Punishments for those who try to acquire secrets are harsh, too. If authorities determine that one has attempted, conspired to effect, induced or incited information leakages, one can face up to five years in prison.....
Majia here:  Japan's new State Secrets Law was vigorously contested when it was first passed. I wrote about the law in my edited collection with Tony Boys, Andrew McKillop and Richard Wilcox:

Fukushima: Dispossession or Denuclearization available here for $1.99 at Amazon http://www.amazon.com/Fukushima-Denuclearization-Nadesan-McKillop-Wilcox-ebook/dp/B00NT65OK8/ref=sr_1_1?ie=UTF8&qid=1419609747&sr=8-1&keywords=fukushima+and+dispossession+nadesan+wilcox

[Excerpted] In 2013 Japan’s LDP party pushed through a highly controversial state secrets bill. The bill has been vocally opposed by political opposition to the LDP, by editorials in the Japanese media, and in excoriating comments made by well-known Japanese citizens. The law stipulates harsh penalties for whistleblowers and fails to require government disclosure of what becomes secret (Yamaguchi, 2013). Critics charge it could undermine Japan’s democracy.

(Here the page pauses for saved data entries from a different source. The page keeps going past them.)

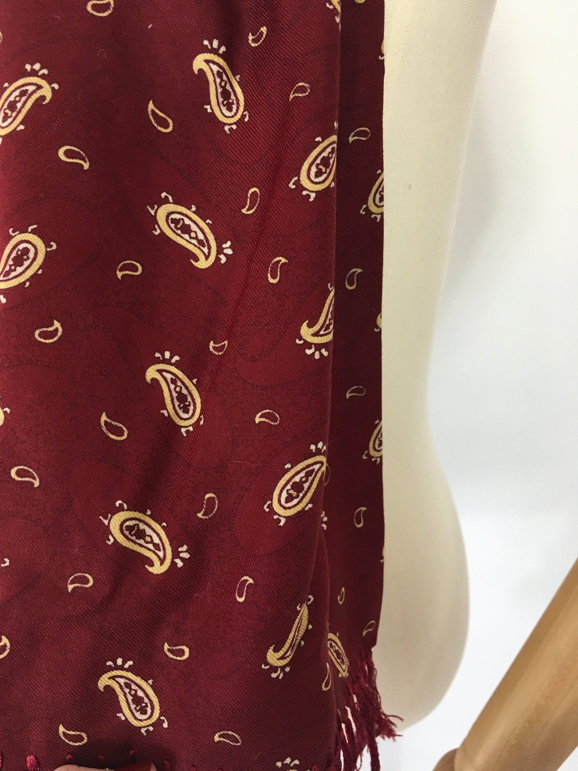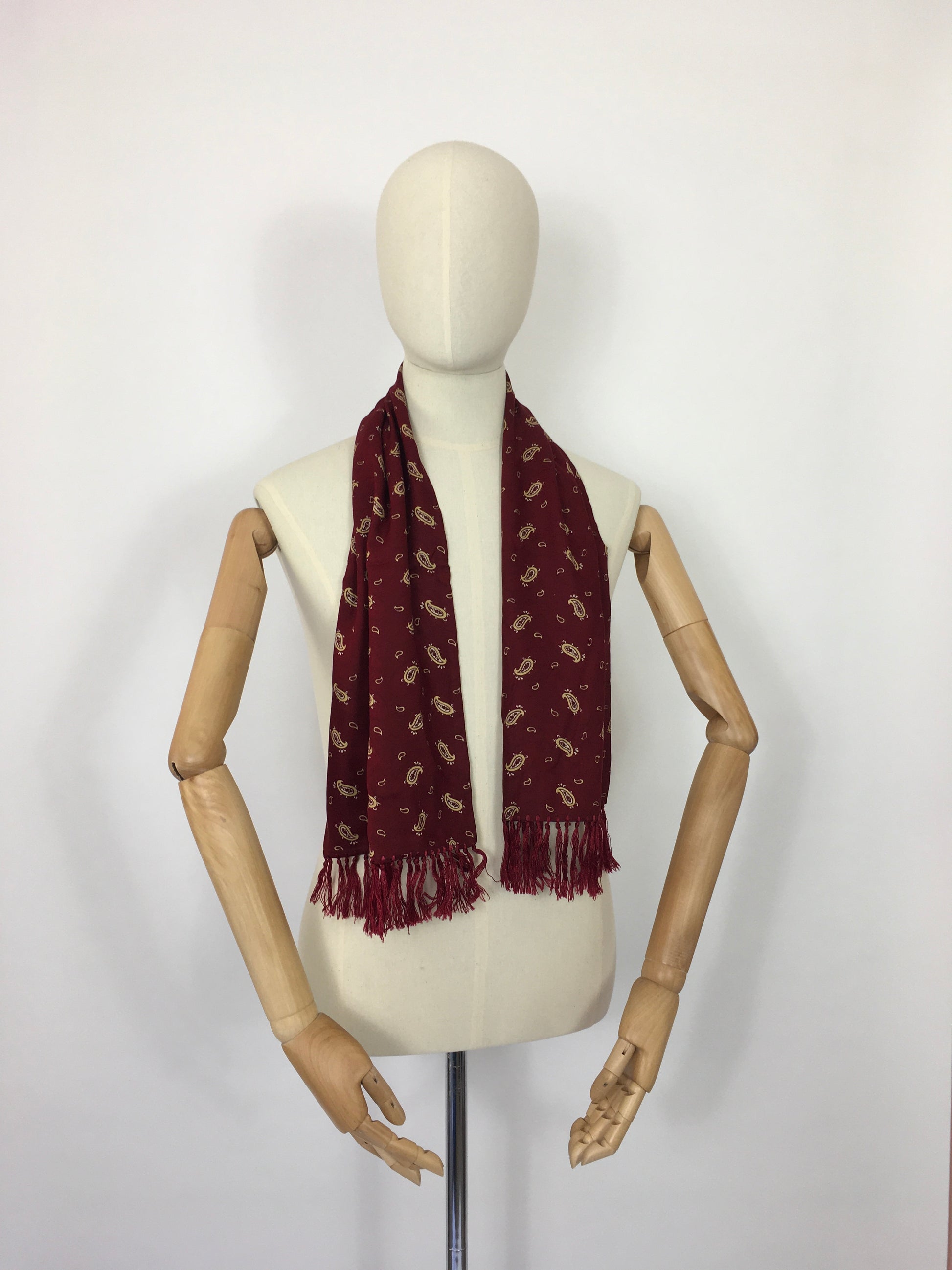 Vintage 1940’s Mens scarf in a lovely cotton silk mix in a burgundy, yellow and black paisley print. Trimmed with a tasseled edge.
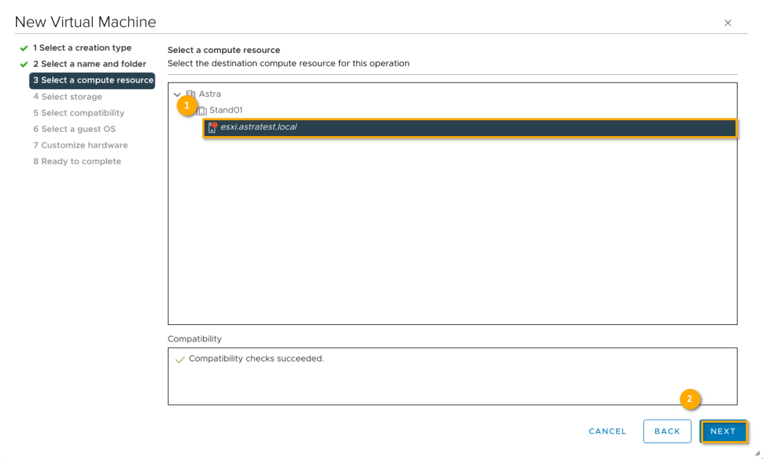 Наэтапе 3 Select a compute resourceвыбрать вычислительный ресурс (хост, кластер, пул ресурсов или vApp), на котором будет работать ВМ, и нажать Next.Если создание ВМ в выбранном месте вызывает проблемы совместимости, на панелиCompatibilityпоявляется предупреждение.
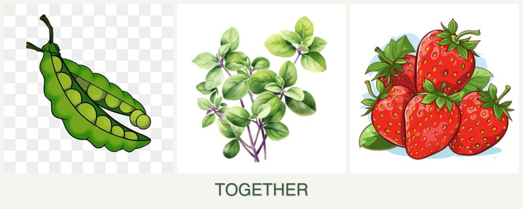 - Improved Growth: Peas fix nitrogen, enriching soil for strawberries and oregano.
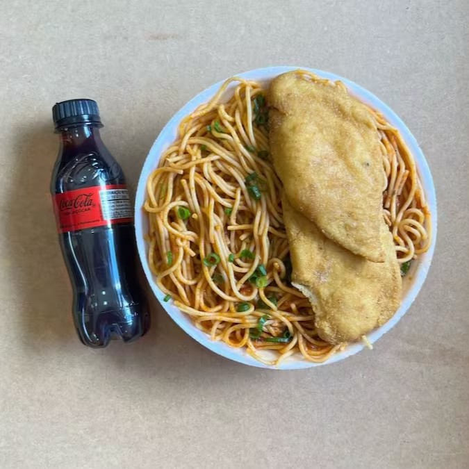 Marmita com delicioso filé de frango empanado na massa crocante acompanhado de macarrão espaguete ao molho de tomates. Acompanha refrigerante lata Coca Cola 350ml bem gelada. Marmita indicada para 01 pessoa.
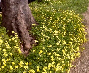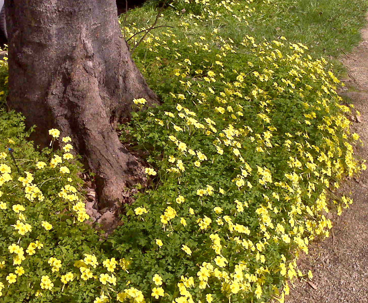 Spring, with its messy, cluttered, perky posies–spilling out, spilling onto and spilling over everything. I totally love a flower with an outside-the-lines kinda attitude, don’t you? This luscious, if disobedient, bit of Sour Grass was found in the lovely Old North Davis neighborhood, at about 7th and E…a perfect place to walk if you’re looking for sweet signs of unbound urban springness.
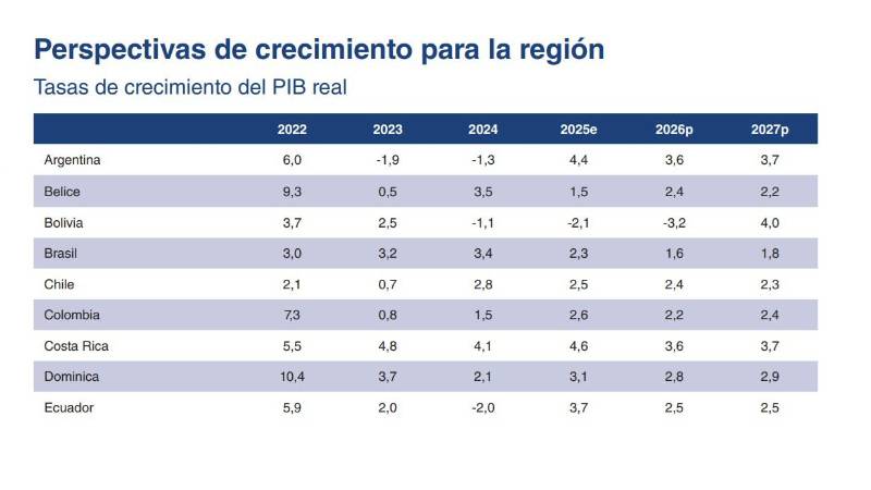 Según el reporte, se proyecta que América Latina y el Caribe crecerá un 2,1% en 2026, por debajo del 2,4% registrado en 2025. Mientras que el crecimiento regional para 2027 se proyecta en un 2,4%.
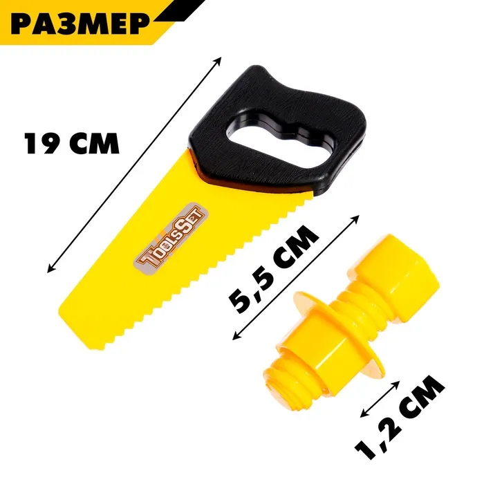 - Твои инструменты всегда под рукой: в наборе есть всё, что нужно для настоящего мастера: ключ, ножовка и другие важные инструменты. Каждый предмет помогает создавать свои собственные истории и придумывать новые задачи.
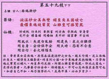 昔有美女名西施,原為在溪邊碗紗之女,越王勾踐,送上西施於吳王,媚得吳王極昏,終至亡國,有女子東施者,其貌極醜,乃學西施之顰笑以媚人,以至弄巧反拙,所謂山雞豈會變鳳凰,即此之意也,求得此簽者,凡事要守份安命,順時聽天,不可心高而強求妄想,明知自己不如人,而強學於人,反為不美,必凶多吉少
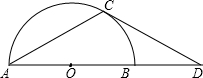 如圖,點D在⊙O的直徑AB的延長線上,點C在⊙O上,AC=CD,∠D=30°,
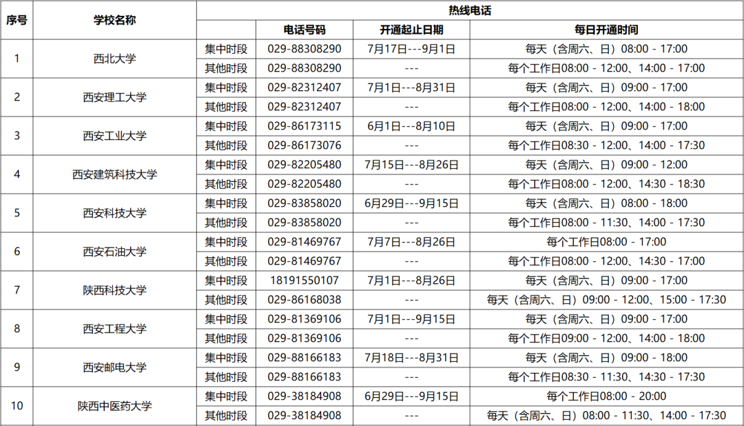 為幫助廣大學生和家長及時準確了解國家資助政策,申請獲得相應資助,陜西省地方高校本?茖W段每年暑期均開通熱線電話。
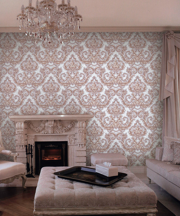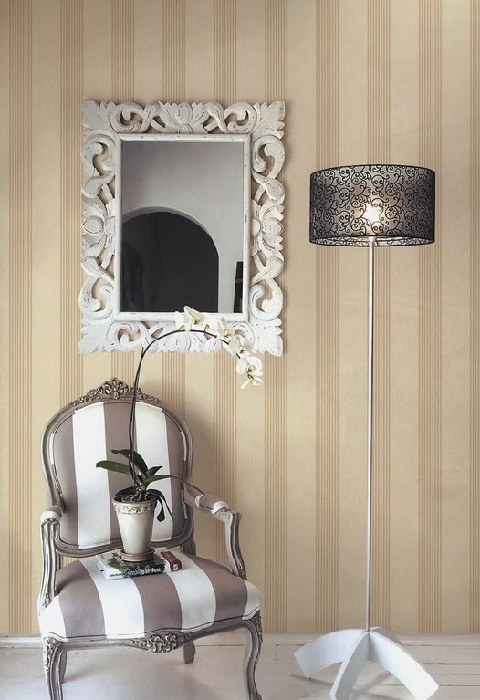 - "Stefano". Pour les intérieurs de styles classique, baroque ou provençal. Revêtements muraux avec différents ornements, rayures, une combinaison de grandes et petites pièces sur le fond, réalisés dans des couleurs apaisantes.
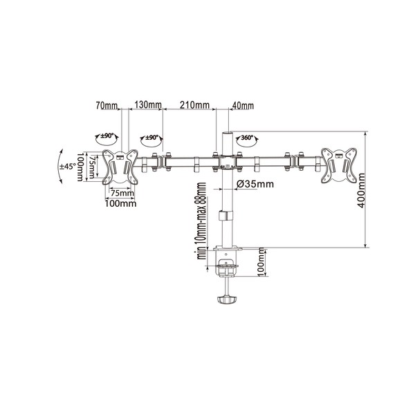 Equip 650152. Montaggio: Morsa, Adatto per: Monitor per computer/TV, Peso massimo (capacità): 16 kg, Capienza minima dimensioni dello schermo: 33 cm (13"), Capienza massima dimensioni dello schermo: 68,6 cm (27"), Compatibilità interfaccia di montaggio (min): 75 x 75 mm, Compatibilità interfaccia di montaggio (max): 100 x 100 mm. Angolo di rotazione: -90 - 90°, Inclinazione: -45 - 45°. Colore del prodotto: Nero
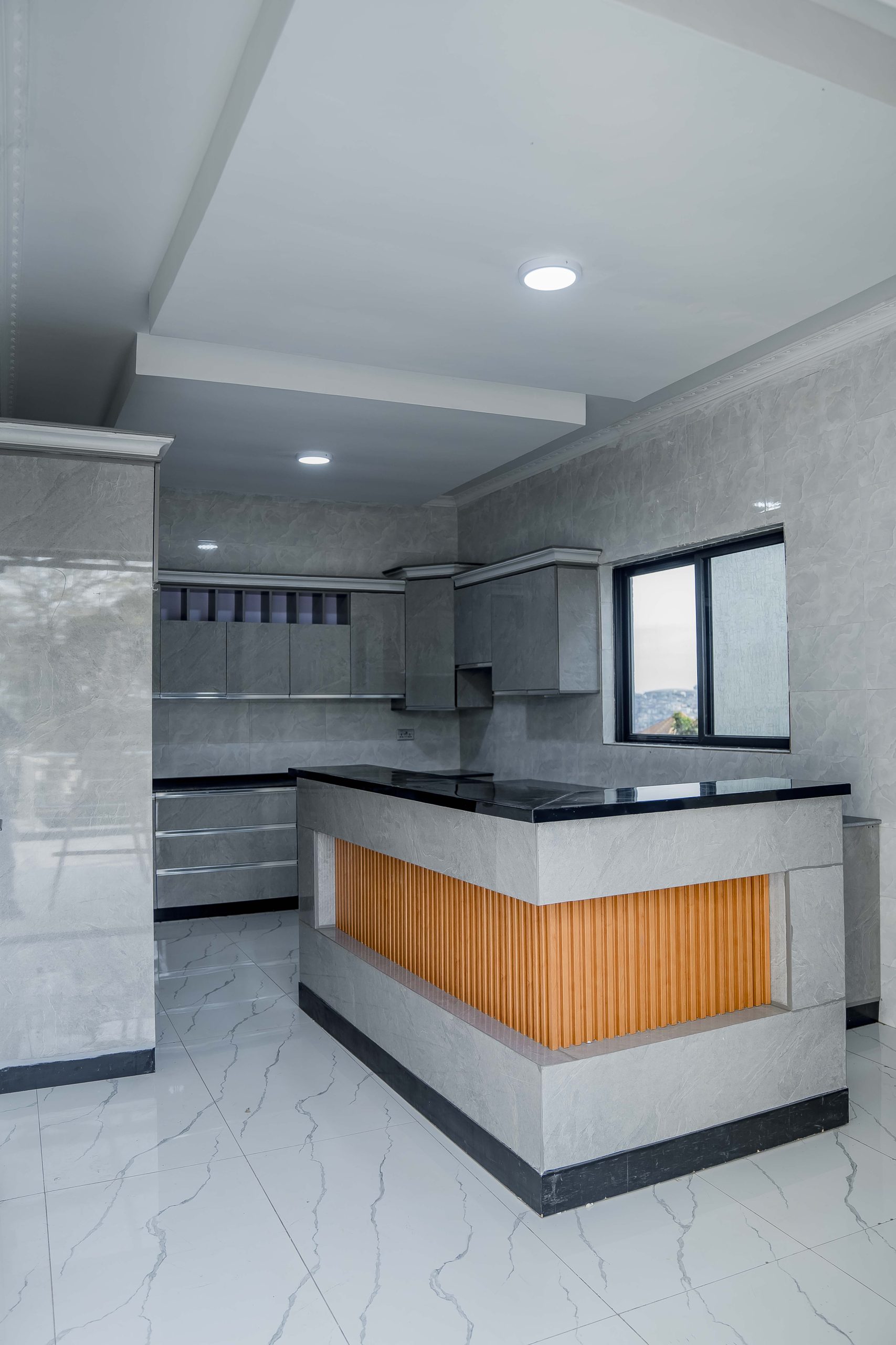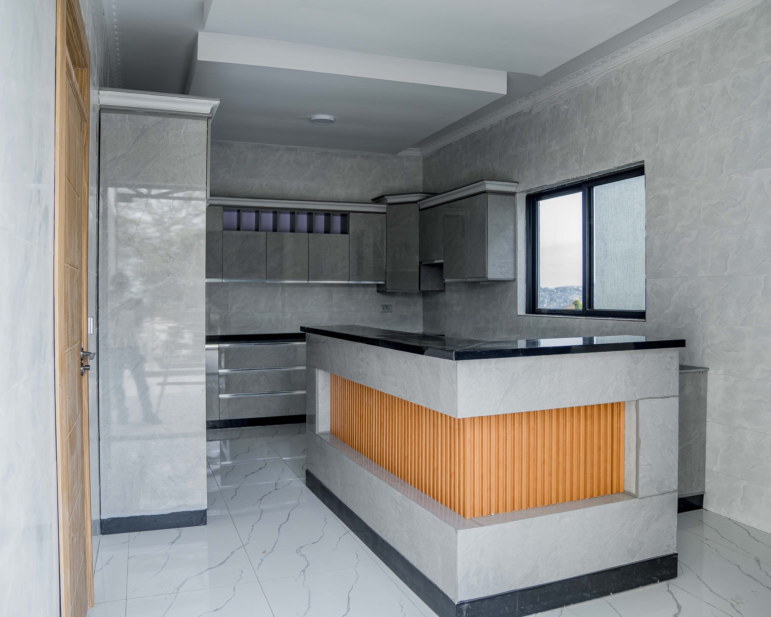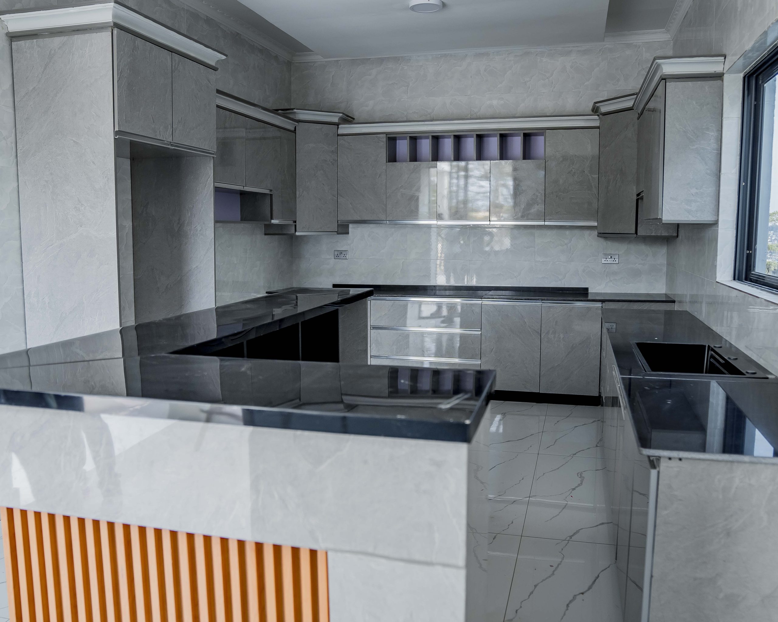 Functionality meets luxury in the gourmet chef’s kitchen, which is equipped with high-gloss minimalist cabinetry and premium grey-toned finishes. Complementing this modern core are the executive bathrooms, finished with high-grade porcelain tiles, walk-in glass showers, and designer double-sink vanities featuring integrated LED mirrors. Every detail, from the wooden door frames to the high-quality tile work, reinforces the standard of delivering lasting value in one of Kigali’s most sought-after residential nodes.
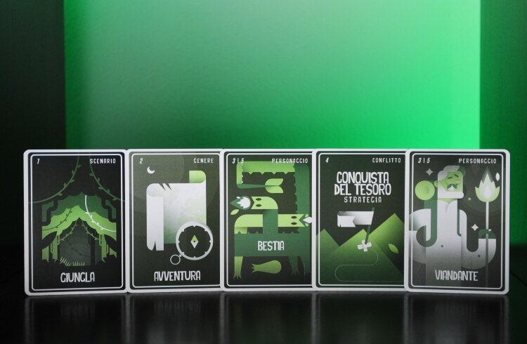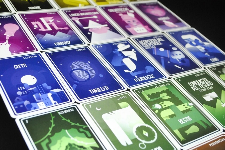 Nel raccontarla, man mano dovranno scartare le loro carte in ordine: dapprima lo scenario per dare un luogo alla loro storia, poi sarà il turno del genere che dovrà essere accompagnato dal tono di voce adatto (oscuro e tetro per l’horror, incalzante per l’azione ecc ecc…). In seguito toccherà al personaggio, il protagonista della loro storia, poi sarà il turno del motore vero e proprio del racconto, il conflitto, la prova che dovrà affrontare il nostro personaggio. Infine toccherà all’ultima carta personaggio che potrà essere un antagonista, un alleato, un passante o qualsiasi altra cosa vi suggerisca la vostra fantasia.
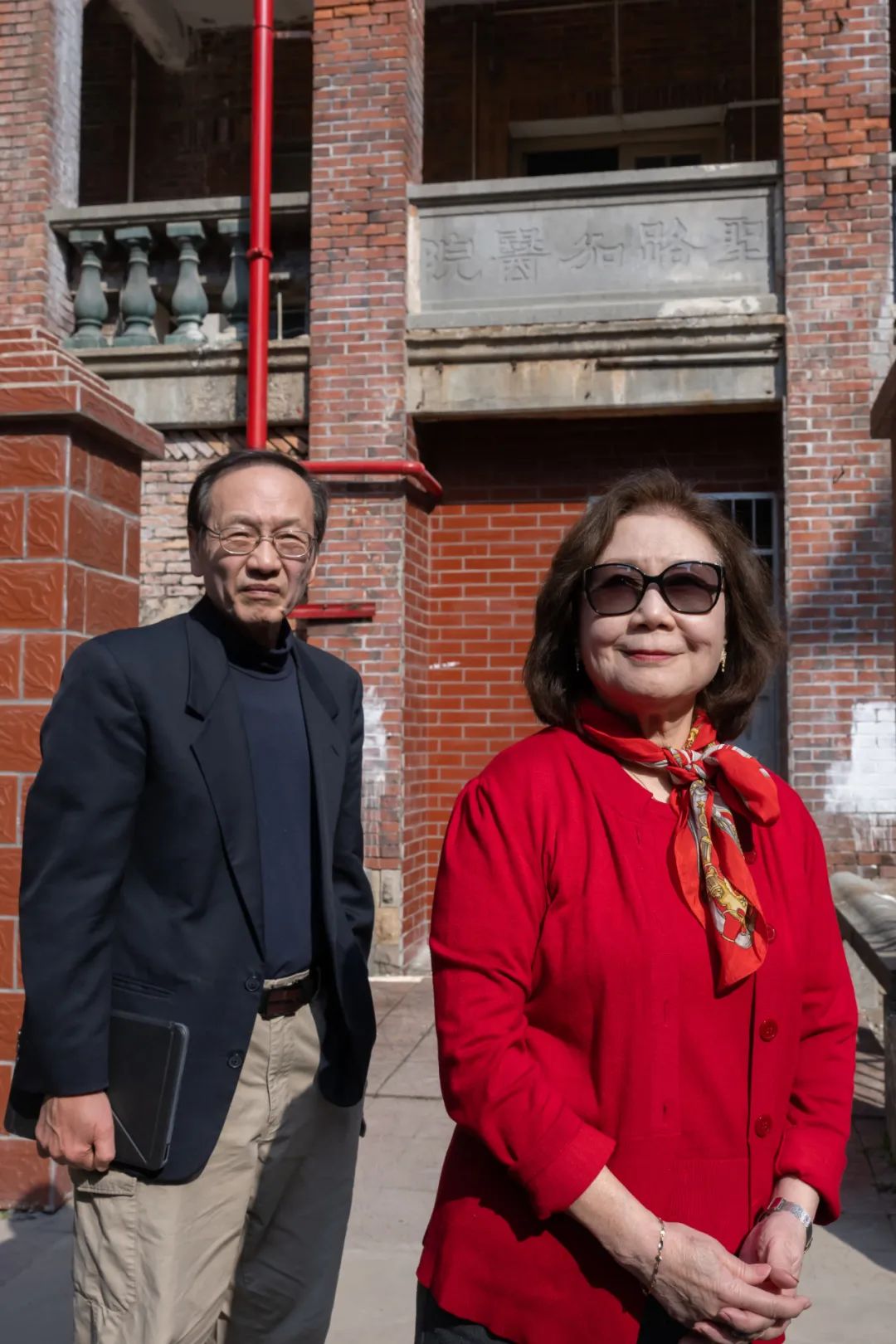 薛人望李黎夫妇参观莆田学院附属医院的前身圣路加医院50年前到美国不久就听到《我的祖国》这首歌,非常喜欢。此时第三段歌词“好山好水好地方”又在我脑海中响起。这里也真是好山好水好地方,但山水纵然再好,最重要的还是“人”;公公遗言提到家乡的山、家乡的水,但“乡亲至爱之恩”更是永不能忘的。公公婆婆在1963年1月31日牺牲,至今整整60年了——一甲子!当年15岁的孤儿,如今跋涉漫漫长途回来,见到家乡惊人的进步变化,体会到不变的乡情亲情。家乡,用温暖又有力的臂膀迎接他,拥抱他。
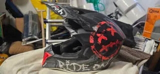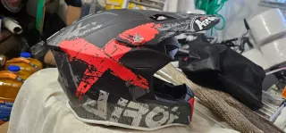 Casco da motocross Airoh Wraap Smile. È un casco entry-level, leggero, con calotta in HRT (High Resistant Thermoplastic). Presenta un look aggressivo con grafiche accattivanti e un sistema di ritenzione a doppio anello (DD ring) per la sicurezza. Gli interni sono anallergici, completamente rimovibili e lavabili. Il frontino è regolabile.
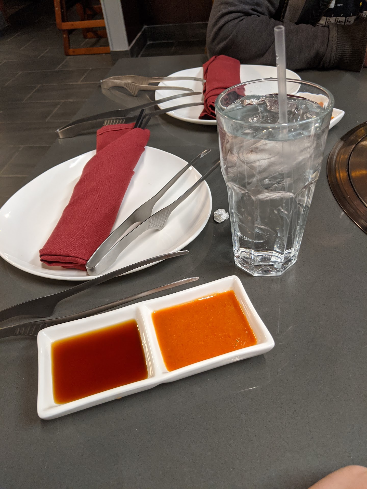 When we first arrived, she asked if we’d been there before. We said no. In spite of this, she did nothing to make sure we would know how to cook on the Korean bbq grill at the table. Also, when she did bring napkins, she placed then right next to the grill, which was still on with an active fire.
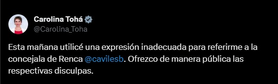 Cabe señalar que la secretaria de Estado, a través de su cuenta de X, admitió haberse equivocado: “Esta mañana utilicé una expresión inadecuada para referirme a la concejala de Renca @cavilesb. Ofrezco de manera pública las respectivas disculpas“.

Many in Japan see the secrecy bill as a direct threat to Japan’s status as a peaceful democratic nation. One survey found more than 80 percent of Japanese citizens distrust the law, feeling it will be used by government to hide corruption and troubling information (Adelstein, 2013). Discontent with the bill is high among Japanese officials of opposition parties and within professional organizations. “Japan already has a very weak freedom of information act which this will cripple,” said Yutaka Saito, a member of the Japan In-House Lawyers Association task force. “The bill takes everything bad about national security laws in the U.S. and then removes all the safeguards and checks” (Adelstein, 2013).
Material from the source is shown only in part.